Scientific classification
- Kingdom: Animalia
- Phylum: Arthropoda
- Clade: Pancrustacea
- Class: Insecta
- Order: Coleoptera
- Suborder: Polyphaga
- Infraorder: Scarabaeiformia
- Family: Scarabaeidae
- Subfamily: Aphodiinae
- Tribe: Aphodiini
- Genus: Trichaphodiellus Schmidt, 1914
- Species: T. brasiliensis
- Binomial name: Trichaphodiellus brasiliensis (Laporte, 1840)
- Synonyms: Aphodius brasiliensis Laporte, 1840; Aphodius (Nialus) excellens Endrödi, 1964; Aphodius caliginosus Dejean, 1833; Aphodius nubilus Illiger, 1833; Aphodius submaculatus Sturm, 1826;

= Trichaphodiellus =

- Genus: Trichaphodiellus
- Species: brasiliensis
- Authority: (Laporte, 1840)
- Synonyms: Aphodius brasiliensis Laporte, 1840, Aphodius (Nialus) excellens Endrödi, 1964, Aphodius caliginosus Dejean, 1833, Aphodius nubilus Illiger, 1833, Aphodius submaculatus Sturm, 1826
- Parent authority: Schmidt, 1914

Genus of beetles

Trichaphodiellus is a genus of beetle of the family Scarabaeidae.
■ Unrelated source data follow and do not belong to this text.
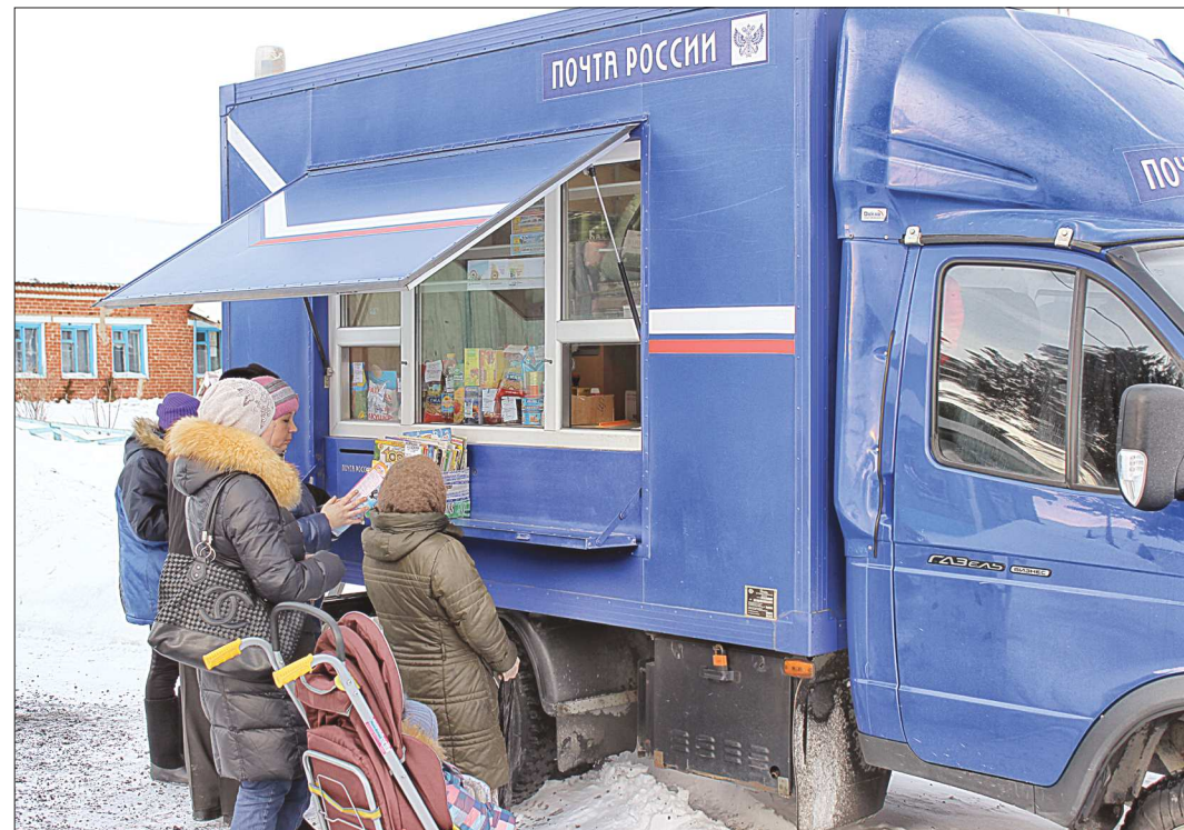
В селе Тюш Ачитского района проживает всего 218 человек. «Почта на колёсах» здесь бывает трижды в неделю

Как пояснили в пресс-службе Свердловского филиала ФГУП «Почта России», передвижные отделения обслуживают жителей малонаселённых и труднодоступных территорий. Там можно оплатить счета по квитанциям, оформить подписку, получить письмо или приобрести какую-нибудь продукцию. Штат у «почты на колёсах» небольшой — только водитель и оператор. Приходит в населённый пункт она по заранее заведённой расписке. На сегодня «почты на колёсах» работают в территориях, подчинённых Красноуральскому, Асбестовскому, Красноуральскому и Нижнетагильскому почтамтам. Почтовое отделение в Курманке перестало работать с уходом в декрет единственного почтового работника. Чтобы оплатить квитанции, местным жителям приходилось просить о помощи зна-
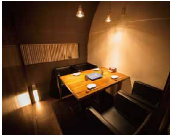
■個室 4名用の個室を2室用意。穏やかな照明でシックな雰囲気
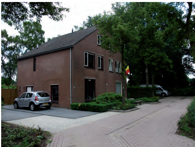
Peelhoeven 23 (rechts) en 24, juni 2016
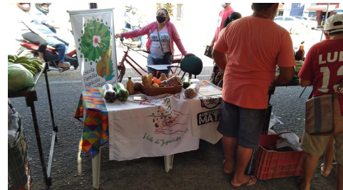
1ª Feira Agroecológica da Reforma Agrária e Agricultura Familiar do Baixo Jaguaribe. Limoeiro do Norte - CE, 26 de novembro de 2021
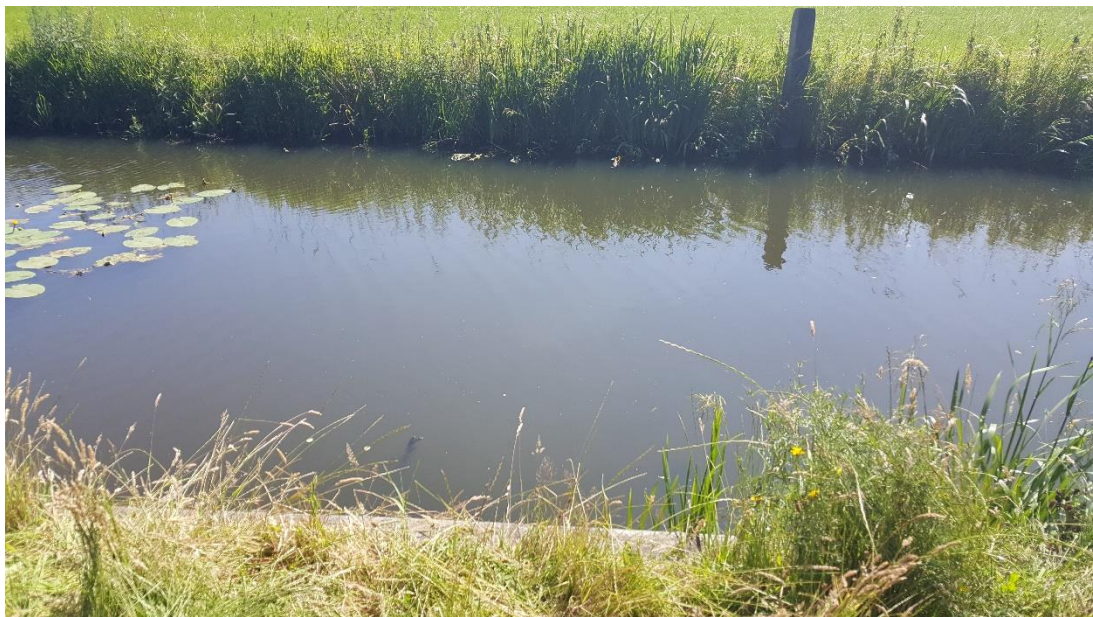
Figuur 2: Foto locatie tijdens veldbezoek op 27 juni 2019.
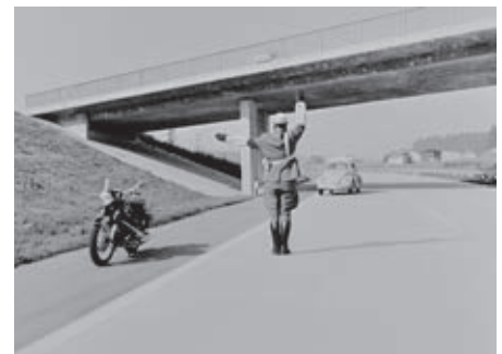
Heute nur noch für Lebensmüde: Stehende Verkehrskontrolle AUF der Autobahn
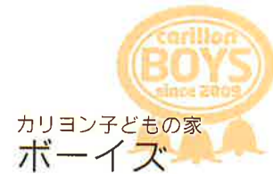
カリヨン子どもの家 ボーイズ
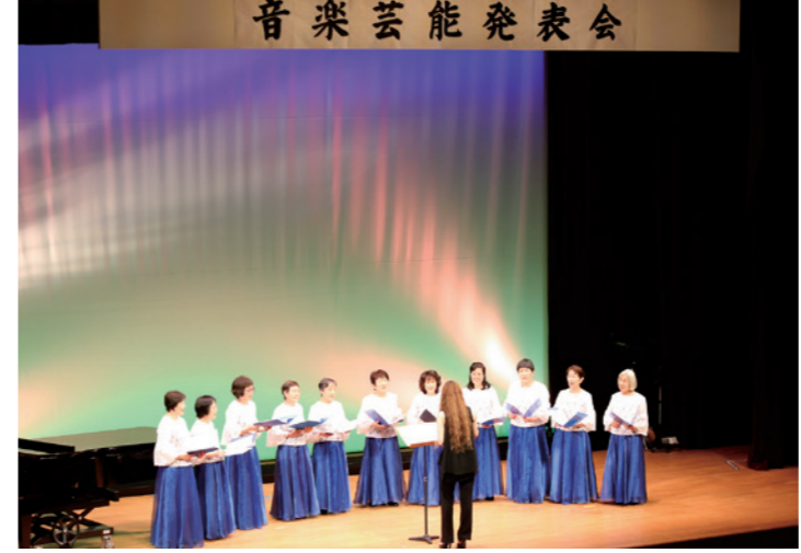
日頃の練習の成果を披露する出演者

【音楽芸能発表会】 音楽芸能発表会が10月27日、観月台文化センターホールで開かれ、町文化団体連絡協議会加盟の26団体298人が出演しました。発表会では、合唱や舞踊、カラオケなど、89演目にもわたる多彩なステージ発表が行われ、出演者は日頃の練習の成果を披露し、多くの来場者を魅了しました。 【総合展示会】 総合展示は11月2日と3
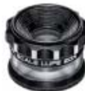
2055 Scale Lupe 20X
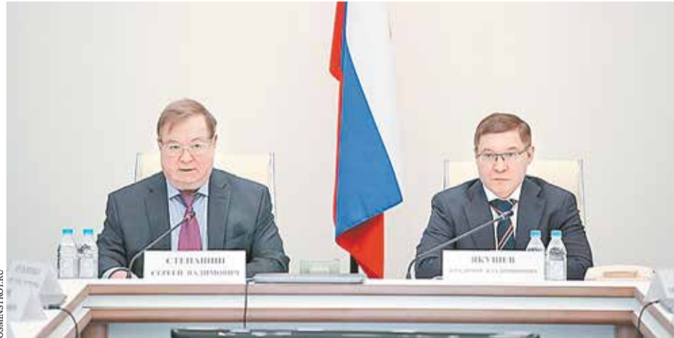
Председатель Общественного совета при Минстрое РФ Сергей Степашин (слева) и министр строительства и ЖКХ РФ Владимир Якушев
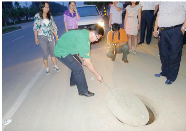
藁城环保调研团一团员正在尽全力掀起重60斤的井盖，看样子真的很费力。据了解，每天一个中队要掀起这样的井盖28次。
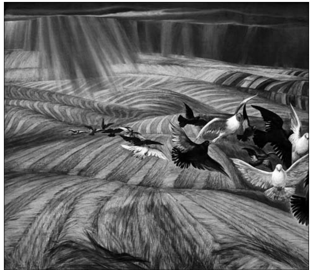
Іл. 7. «Поділля. Жнива» (к., темп., 1977 р.)

У «Натюрморті з металевим посудом» (п. на ДВП, темп., о., 1981 р., ЛНГМ ім. Б.Г. Возницького) автор спрямовує наш погляд від землі у небо — від вузького кута з господарським начинням у загразоване вікно в даху, крізь яке лється світло, яке все освічує, проясняє, надає нового змісту. Від приземлених речей ми переходимо до трактування небес як символу вічності. А на фоні неба висить риба, зачеплена гаком за решітку — вона не належить ні до світу речей, ні до небес, а знаходиться між ними, поєднуючи їх. Риба здавна використовувалась як монограма імені Ісуса Христа (з грецької перекладається як Ісус Христос Божий Син Спаситель) та символ християнства. Автор використовує градації від

It is monotypic, being represented by the single species, Trichaphodiellus brasiliensis, which is found in Bolivia, Brazil (Acre, Amazonas, Espírito Santo, Mato Grosso, Mato Grosso do Sul, Minas Gerais, Pará, Paraná, Paraíba, Rio de Janeiro, São Paulo, Sergipe), Colombia, Ecuador, Mexico, Peru, Suriname and Venezuela.

== Description ==
Adults reach a length of about 6-8 mm. The body is oblong and dark testaceous. The head has small and sparse punctures and the clypeus is sinuate medially, with a medial tubercle anterior to the frontoclypeal suture. The pronotum has sparse punctation, with punctures of two sizes and without a posterior marginal line. The dorsal surface of the protibia has dense punctation.

==Life history==
Specimens have been collected at altitudes ranging from 33 to 1850 metres. They are attracted to equine, bovine, Tapirus and human feces.